И в ответ медики услышали первое слово, сказанное Мышлякевичем после ранения, недостаточно внятное, но все же вполне различимое слово:
– Спа-си-бо!
Это было лучшим свидетельством того, что и сложнейшая операция языка удалась.
– Молчите... Разговаривать еще нельзя! Швы разойдутся!
– погрозил пальцем Гнедаш.
Он тут же приступил к дополнительным хирургическим манипуляциям над лицом раненого. Вечером Тимофей Константинович забежал ко мне поделиться своей радостью.
– Восхищаюсь, преклоняюсь и поздравляю!
– сказал я.
– И еще одно слово добавлю, то самое, что вы услышали от Мышлякевича: спасибо! От лица командования спасибо... Убежден, что и дальше все пойдет отлично.
– Откровенно говоря, теперь и я уверен!.. Пожалуй, главное сделано.
– А как с рукой у Мышлякевича? Ведь и там что-то сложное!

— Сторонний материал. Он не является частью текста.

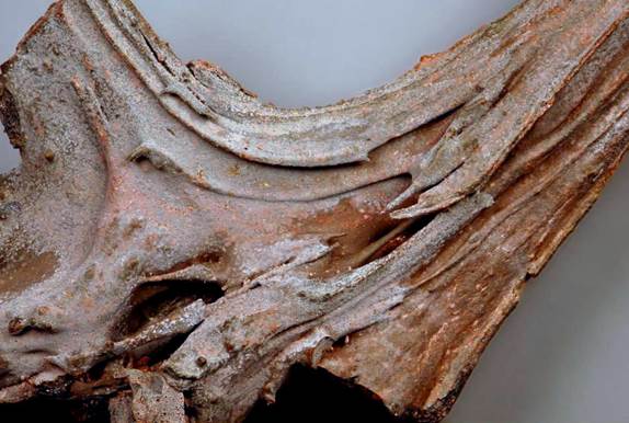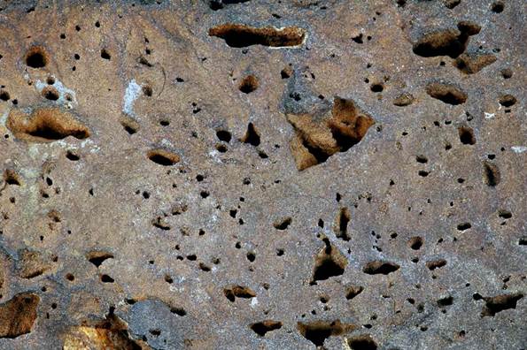 Vesicular basalt - cross-section of a lava tube ceiling.
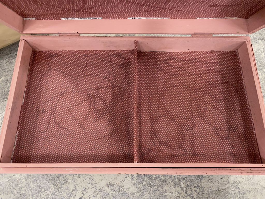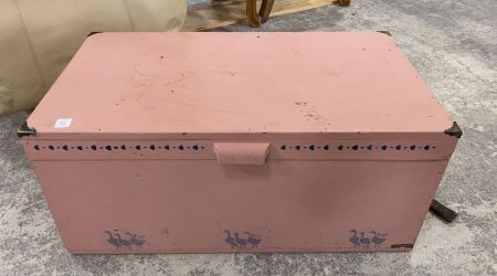 Pink Painted Storage Trunk, 13"h., 30"w. Pink Painted Storage Trunk, 13"h., 30"w.
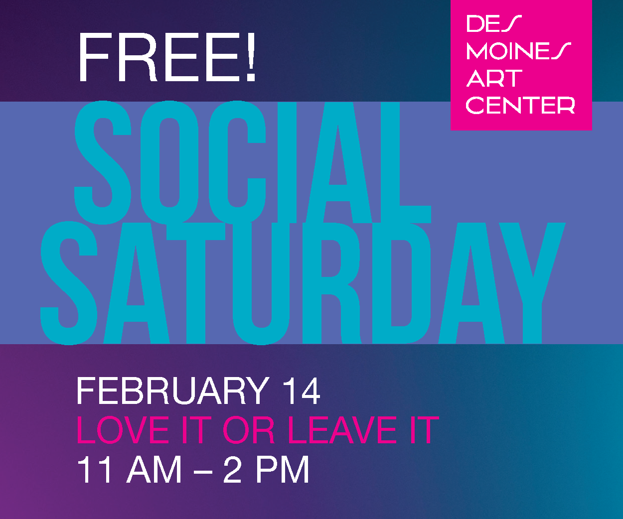 Join the Des Moines Art Center’s February Social Saturday event: Love it or Leave it! Whether you’re a fan of vibrant abstract paintings, or prefer minimalist artwork, there is something for everyone throughout the galleries. We invite you to engage in conversations about the art that inspires you — those pieces that speak to your heart — and those that challenge you — that you might just want to leave behind. Come dressed in festive reds and pinks or somber blacks and grays in celebration of the duality of the day. Join in on the interactive “Hearts for Art” activity by leaving a heart at the foot of your favorite piece in the museum and explore to see what your fellow guests have chosen as theirs. Enjoy crafts in the Art School studios, a free guided tour, treats in the Café and so much more!
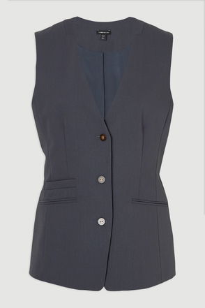 Embrace effortless chic with this Karen Millen Petite Premium Linen Viscose Pinstripe Tailored Waistcoat. Perfect for elevating your daywear ensemble, this waistcoat offers a refined touch to casual outings. Style it over a crisp white shirt and pair with dark denim jeans for a smart-casual look that's ideal for family gatherings or weekend brunches. The pinstripe pattern adds a subtle sophistication, while the tailored fit ensures a flattering silhouette. For a more relaxed approach, layer it over a simple tee and team with wide-leg trousers and trainers. The versatile nature of this piece allows for endless styling possibilities, making it a valuable addition to your wardrobe. Whether you're heading to a casual work meeting or enjoying a day out shopping, this waistcoat will keep you looking polished and put-together.

– Еще бы! Плечевая кость перебита сверху, совершенно снесена ее вершина. Придется закруглить кость и подгонять к суставу. Рука станет чуть короче, но действовать будет. На счастье, сосудисто-нервный пучок, проходящий ниже, у подмышечной впадины, не задет. Операцию сделаем завтра.
Эту трудную операцию Гнедаш произвел тоже успешно. Пока рука Мышлякевича лежала в гипсе, продолжалась работа над лицом и челюстью раненого, работа исключительно сложная, тонкая, требующая большого врачебного искусства.
Однажды завернул я в госпиталь навестить Павла Антоновича (бывал у него уже не один раз!). Вместе с Гнедашем направились к нему в палату. И вот застали там такую картину.
Мышлякевич сидит на койке и жует кусок хлеба. Рядом - его жена Анна Иосифовна и десятилетняя дочка Тамара. Все они о чем-то мирно беседуют. Увидев меня, выздоравливающий минер по-военному четко произнес:
– Здравия желаю, Алексеи Федорович!
– Вам - полного здравия... Да и приятного аппетита!
– Понимаете, требует хлеба, да и все, - радостно сказал Гнедаш. Видно, осточертела ему наша диета!.. Вот дали для пробы кусочек помягче жует, наслаждается... К тому же восстанавливаются двигательные функции челюстных мышц!
– И хорошо жует, - заметила жена Мышлякевича, бросив на меня несколько смущенный взгляд.
У нас с Анной Иосифовной есть маленькая тайна. Сразу после ранения мужа потрясенная горем женщина не надеялась, что он останется в живых, и уже оплакивала его как покойника. А потом вдруг явилась ко мне с жалобами на Гнедаша: "плохо лечит", "слишком медленно", "прикажите лечить поскорей". Ну я объяснил, что никакие приказы тут не помогут, что наш хирург и так делает почти невозможное. Поняла. Просила не говорить Тимофею Константиновичу о своих претензиях. И вот теперь она смущенно смотрит на меня, счастливо сияющими глазами - на мужа, теплым благодарным взглядом на Гнедаша.